At the low end, if each halving of income delivers a constant decrease in utility then utility decreases without bound as income approaches zero, and is undefined for an income of zero. But having one person with a income extremely close to zero is not vastly worse than the person having an income of $1, and an income of 0, or death, is not undefined or infinitely bad. Climate economist Martin Weitzman has published work discussing how welfare economic models of the impacts of climate change used such logarithmic utility functions and therefore suffered from these pathologies (being unable to make sensible tradeoffs about cases in which income collapses to near zero).

However, since humans cannot survive on sub-subsistence income, we can generally ignore the region between zero income and subsistence, assigning (death or nonexistence) a value of zero.


Toby Ord said...

Thanks for the nice clear presentation of this and the crunching of the numbers.
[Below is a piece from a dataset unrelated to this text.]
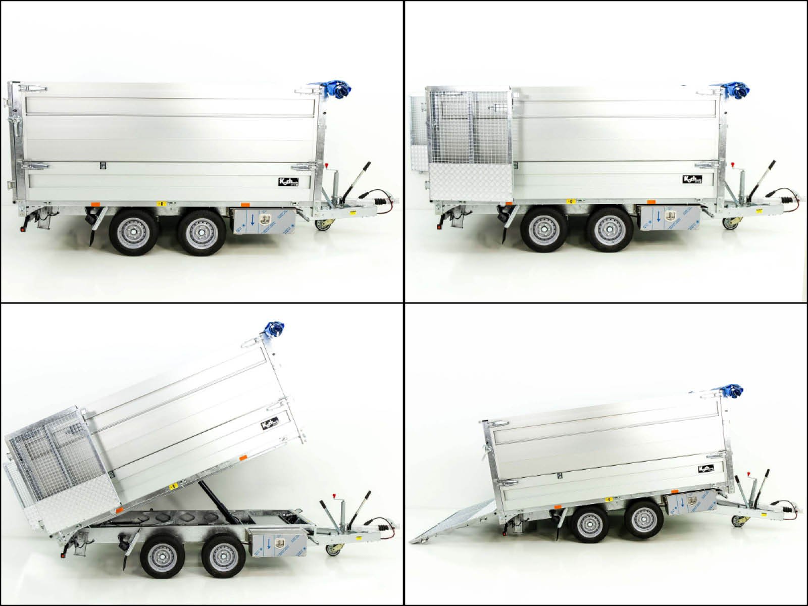 Machine- en kippertrailer met kiephoek ca. 50° en oprijhoek ca. 16°

Here are some scattered comments:

1) It is great to have a stab at this and get it on (virtual) paper. There are many hidden assumptions in your model, but putting them down in the light of day is the way to find them, and to challenge people to do better. In general, I really admire how you do this so often.

2) The self-reported happiness numbers in that chart are pretty bizarre, methodologically speaking. It is not at all clear that people's wellbeing is linear in them. That said, they are a reasonable starting point.
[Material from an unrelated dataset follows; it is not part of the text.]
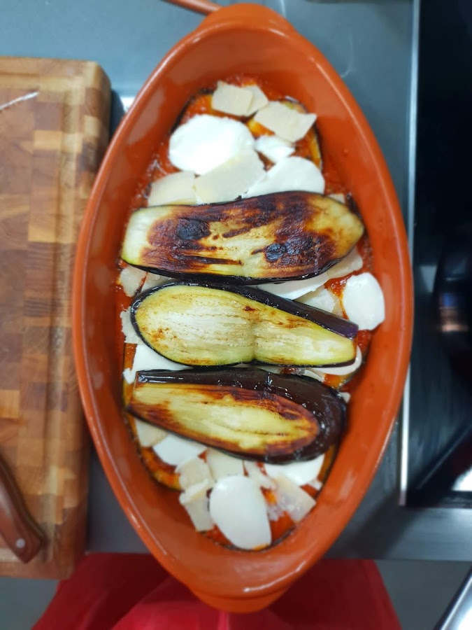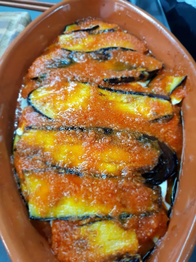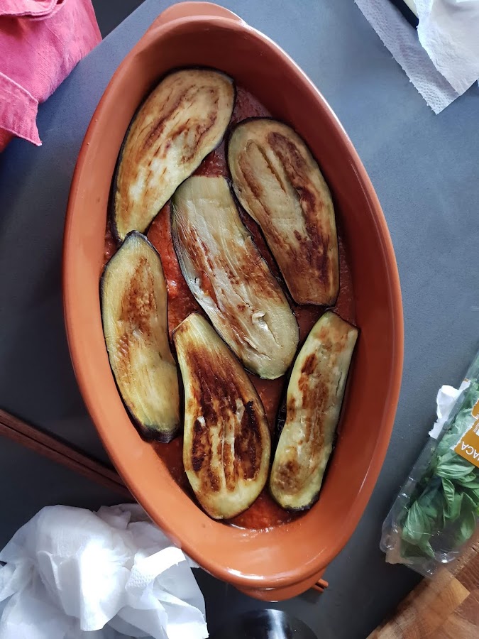 Yo le puse 3 capas de berenjena. Siempre la última tendrá que ser de tomate y parmesano por encima, para que cuando la metemos al horno se quede la costra rica de queso crujiente.

3) Regardless of the self-reported numbers, there is a literature on people's risk aversion about income. Assuming they are risk neutral about wellbeing, this lets us work out the diminishing utility of income function. People use the one-dimensional family of isoelastic utility functions, (which are those with constant relative risk aversion). Log is a special case in this family, but the usual measures are more steeply diminishing than log. You could use the parameter of this family as something else for your sensitivity analysis.

4) Consumption measures are better than income if we have them (and I think the GWWC calculator data might use consumption).

5) The GWWC data is in international dollars, which are good for the mapping into utility/wellbeing, but are confusing for distribution. I presume that when equalising world income money is moved from places with worse purchasing power to ones with more purchasing power, so *more* international dollars are created and your calculation will be an under-estimate of the good created. I'm not sure by how much. I can't imagine the amount of international dollars going up by more than a factor of 4 (roughly the PPP ration between mainstreet USA and India), so the log value can't go up by more than about 0.5.

6) When changing the population, you will change the total income/consumption, as well as changing the function that maps this to wellbeing. I'm not sure how big a deal this is or how to deal with it, but you might want to think about it.

Toby Ord said...

Also, note that an increase of 0.1 in this measure is about a 25% increase in income, and an increase of 0.01 is about a 2.5% increase. The world read GDP growth rate is about 3% on average, so we can think of that as a global increase of about 0.01 each year due to growth (if the relative inequality stays fixed). Or about 1.00 per century at historic rates.

Nick Beckstead said...

Thanks, Carl. Cool post.


> However, since humans cannot survive on sub-subsistence income, so we can generally ignore the region between zero income and subsistence, assigning (death or nonexistence) a value of zero

so we can --> we can
missing period

Carl said...

Thanks for many good points Toby, definitely worth using in a followup. I took the chart from your post.

I wonder if doing such a global human welfare estimation might be a good research project for an undergraduate looking for an EA-relevant topic.

Thanks Nick, done.

Vaniver said...

The model as you've stated it treats income as a multiple of the subsistence income- one way to get around this (and deal with what utility value you assign to death, and so on) is to consider s+log(income+x). The behavior around incomes of 0 is more reasonable, and for small x it barely impacts the behavior at high incomes.